ErrorSLOViolation
Overview
Section titled “Overview”What does this alert mean?
Section titled “What does this alert mean?”An ErrorSLOViolation occurs when the error rate for a specific application or service exceeds the defined Service Level Objective (SLO) threshold, indicating potential issues impacting functionality or user experience.
Possible Causes
Section titled “Possible Causes”Several factors can contribute to these alerts:
- Bugs in the application code causing unexpected behavior.
- Resource exhaustion (CPU, memory) leading to errors during request processing.

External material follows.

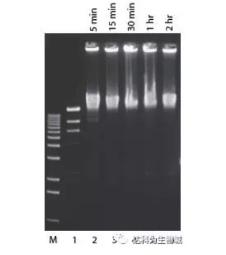 pUC 19 DNA用Pvu II消化,然后按標(biāo)準(zhǔn)連接反應(yīng)使用2U Fast-Link? ligase進行連接(泳道1-6). 泳道 M,1-kb ladder;泳道1,無酶對照;泳道2-6, 分別為5 min, 15 min, 30 min, 45min, 1 hr連接結(jié)果。

- External service errors propagating back to the application
- Underlying infrastructure problems impacting application stability (e.g., database errors, network connectivity issues).
General Troubleshooting Steps
Section titled “General Troubleshooting Steps”Common troubleshooting steps though may differ slightly for each service:
- Investigate application error logs to identify the specific errors occurring.
- Analyze the timestamps and frequency of errors to pinpoint potential root causes
- Correlate error messages with recent code deployments or infrastructure changes.
- Identify spikes in response times that might be correlated with errors. Compare current metrics with historical performance data to identify deviations.
- Monitor resource utilization (CPU, memory) for signs of bottlenecks impacting application stability.
- Investigate code changes introduced in the deployment to identify potential causes. Check for recent deployments, configuration changes, or infrastructure modifications.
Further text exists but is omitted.